** WHAT THE TASK REQUIRES **
For the entries that follow, retype exactly the lines from the one containing "So much for" to the one containing "Premier exemple, contre", inclusive, and only those. Images stay out of the copy.

** DATA PROVIDED **
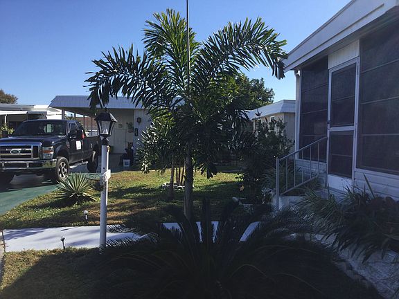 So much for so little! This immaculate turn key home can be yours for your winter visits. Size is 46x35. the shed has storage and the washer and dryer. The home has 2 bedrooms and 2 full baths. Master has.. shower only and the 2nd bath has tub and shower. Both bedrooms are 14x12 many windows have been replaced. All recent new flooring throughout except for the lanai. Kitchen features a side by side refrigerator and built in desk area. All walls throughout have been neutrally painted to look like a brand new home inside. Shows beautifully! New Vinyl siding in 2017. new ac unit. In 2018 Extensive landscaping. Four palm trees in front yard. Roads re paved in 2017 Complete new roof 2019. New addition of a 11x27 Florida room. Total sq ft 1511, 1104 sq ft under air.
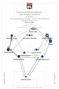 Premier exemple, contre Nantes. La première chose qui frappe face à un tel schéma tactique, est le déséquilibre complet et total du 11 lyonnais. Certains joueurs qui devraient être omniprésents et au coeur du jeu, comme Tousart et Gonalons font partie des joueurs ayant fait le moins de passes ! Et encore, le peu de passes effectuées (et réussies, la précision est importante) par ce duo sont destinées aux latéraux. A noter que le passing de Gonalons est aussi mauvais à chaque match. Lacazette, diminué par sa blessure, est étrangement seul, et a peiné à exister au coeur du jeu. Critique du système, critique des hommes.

* * *

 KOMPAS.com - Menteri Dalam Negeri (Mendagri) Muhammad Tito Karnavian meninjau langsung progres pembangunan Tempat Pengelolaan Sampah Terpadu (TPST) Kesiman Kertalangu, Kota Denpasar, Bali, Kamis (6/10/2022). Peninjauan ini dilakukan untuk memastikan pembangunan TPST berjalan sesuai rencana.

** SOLUTION BELOW **
 So much for so little! This immaculate turn key home can be yours for your winter visits. Size is 46x35. the shed has storage and the washer and dryer. The home has 2 bedrooms and 2 full baths. Master has.. shower only and the 2nd bath has tub and shower. Both bedrooms are 14x12 many windows have been replaced. All recent new flooring throughout except for the lanai. Kitchen features a side by side refrigerator and built in desk area. All walls throughout have been neutrally painted to look like a brand new home inside. Shows beautifully! New Vinyl siding in 2017. new ac unit. In 2018 Extensive landscaping. Four palm trees in front yard. Roads re paved in 2017 Complete new roof 2019. New addition of a 11x27 Florida room. Total sq ft 1511, 1104 sq ft under air.
 Premier exemple, contre Nantes. La première chose qui frappe face à un tel schéma tactique, est le déséquilibre complet et total du 11 lyonnais. Certains joueurs qui devraient être omniprésents et au coeur du jeu, comme Tousart et Gonalons font partie des joueurs ayant fait le moins de passes ! Et encore, le peu de passes effectuées (et réussies, la précision est importante) par ce duo sont destinées aux latéraux. A noter que le passing de Gonalons est aussi mauvais à chaque match. Lacazette, diminué par sa blessure, est étrangement seul, et a peiné à exister au coeur du jeu. Critique du système, critique des hommes.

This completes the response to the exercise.